In the first place, the Saudi officials offered an immediate reaction to the Sabiti attack. The country’s Foreign Minister Adel bin Ahmed Al-Jubeir said the kingdom had nothing to do with the indicent.

“We did not engage in such behavior at all,” Reuters quoted him as telling reporters in Riyadh. “This is not how we operate and that’s not how we did it in the past.”

“The story is still not complete,” he indicated. “So, let’s wait and find out what happened before we jump to conclusions.”

Secondly, it would be too reckless to stage acts of revenge at a time when the highest-rank government officials from two countries – Prime Minister Imran Khan of Pakistan and Prime Minister Adil Abdul Mahdi of Iraq – were handing a message from the authorities of Saudi Arabia to Iran and trying to scale down the tensions between Tehran and Riyadh, pressing for fruitful dialogue and the bridging of the gap between the two conflicting countries.

Thirdly, Saudi Arabia is disappointed to a considerable degree with Donald Trump’s policies. It is wary of the role of a cash cow and of buying the useless American armaments and weaponry worth billions of U.S. dollars that cannot protect its territory against the most primitive Yemeni missile strikes. Endless stings and reproaches by the U.S. senators addressed to Crown Prince Mohammed bin Salman have also affected the Saudi vision of their own politics quite notably.  That is why the Saudis have decided to change their tactics and political guidelines. Rapprochement with the Russian Federation, an opponent of the U.S., is a graphic manifestation of it. Vladimir Putin’s recent visit to Saudi Arabia and the signing of a range of strategic agreements and contracts proves that the American ideological influence in the Saudi kingdom is declining.

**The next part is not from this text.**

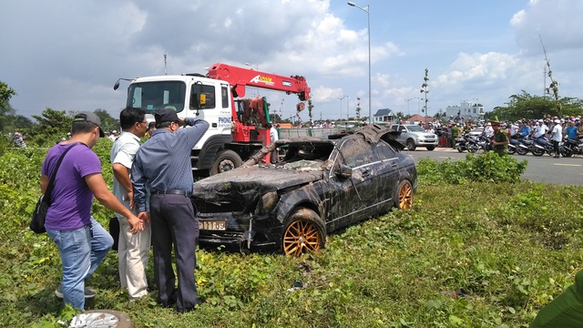 Chiếc ô tô Mercedes bị lao xuống rạch, hai thanh niên và một phụ nữ đang mang thai 7 tháng mắc kẹt trong xe. Khi xe được trục vớt lên thì cả ba người đã tử vong.

It also deserves noting that on the eve of the Sabiti incident Vladimir Putin voiced the hope that Riyadh and Tehran would find it possible somehow to settle their differences, which do not bring advantages to anyone in the Middle East. Given the situation as it is, the Saudis would gain much more if they heeded the calls from Russia, an influential peacemaker, and to stay away from any conflicts with the Iranians.

 

FORECAST

U.S.-based globalist formations are the only ones who could be interested in a Saudi-Iranian war. It is important for them to plunge the market of traditional oil dominated by the Saudis into chaos. As for the Iranians, the globalists are trying to wipe them out with the aid of the oil embargo and tough sanctions.

If the traditional oil market collapses, the Americans will easily take over the share of its main actors. They will then be able to sell their shale oil as an alternative to Saudi or Iranian oil at the prices lucrative for no one but themselves. It will go to the countries with an acute need for energy resources.

Consequently, getting full control over the purchasers of Iranian and Saudi oil is the ultimate objective of American oil companies.

If you look at the dynamics of crude prices, you will see how they surged right after the attacks at the Saudi Aramco refineries.

Prices grew after the attack on the Sabiti as well.

The U.S. has enough bases in the Persian Gulf countries, where from it can easily trace the movement of Iranian oil tankers. Israel, an ally of the U.S. locked in a tough ideological battle with Iran for as long as forty years, can also give tangible assistance to the Americans.